CALL US

+91 8219776763

Linux kernel implementation of the proposed whitelist the application executable | Cyberops

Linux kernel implementation of the proposed whitelist the application executable

By Prempal Singh 0 Comment May 31, 2017

In the Linux kernel mailing list, published a set of patches to the LSM-module implementations WhiteEgret, representing a means to protect the system through the use of a white list of executable components.

WhiteEgret allows execution only the application code and libraries that are explicitly allowed and recorded in a predefined whitelist. The performance of all applications is not included in the list of blocked that would not allow the system unauthorized programs and malware. WhiteEgret well suited for static environments, the composition of which does not change for a long time, for example, standard servers, and industrial control systems.

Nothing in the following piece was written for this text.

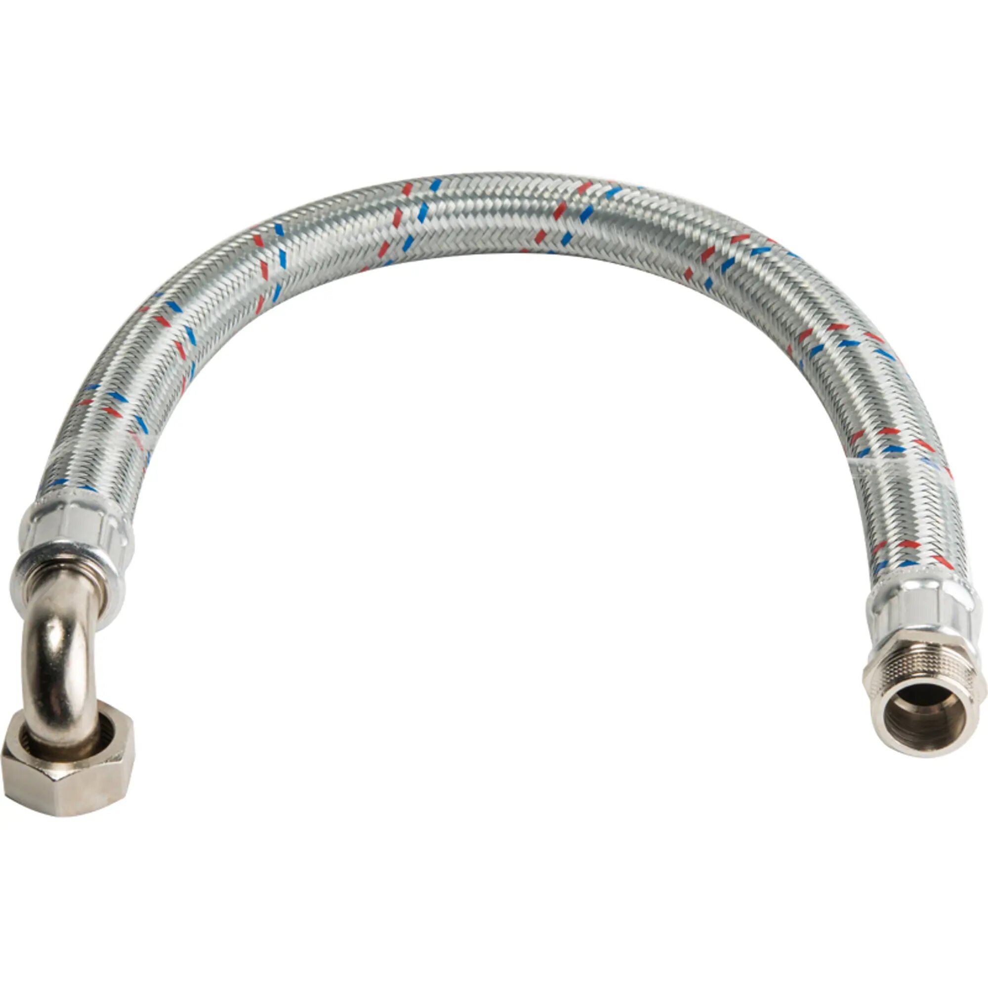 Гибкая подводка угловая— соединительный элемент между бытовыми приборами и трубопроводами с периодическим потоком воды. Представляет собой резиновую трубку в стальной нержавеющей оплетке. Применяется как альтернатива жестким трубам из ПНД и ПП там, где их установка затруднительна.

white list of allowed programs, the processing is done in the user’s environment using WEUA process (WhiteEgret User Application). The execve and mmap_file process system call processing core sends WEUA request, passing the full path to the executable file. WEUA based on a whitelist makes a decision about the possibility of execution of the file. Call mmap_file used to intercept loading of shared libraries in an area of ​​memory is capable of performing. In addition to the file path is being verified by the hash on the contents of an executable file that allows you to block files that have been modified after entering the white list. WEUA interaction with the kernel is performed using netlink interface.

Features WhiteEgret:

• Simplified initial setting. In the simplest case, the whitelist can be formed by the inclusion of all the executable files that are available in a freshly installed system. Such a list will ensure blocking of all applications that are not included into the standard delivery;

• Short downtime when upgrading your system. When the update is enough to reconstruct the white list, taking into account changes hash of executable files;

• Independent of the composition of the working environment and the absence of additional requirements to it. For example, WhiteEgret does not depend on the type of file systems and TPM (Trusted Platform Module).

error: Content is protected by Cyberops !!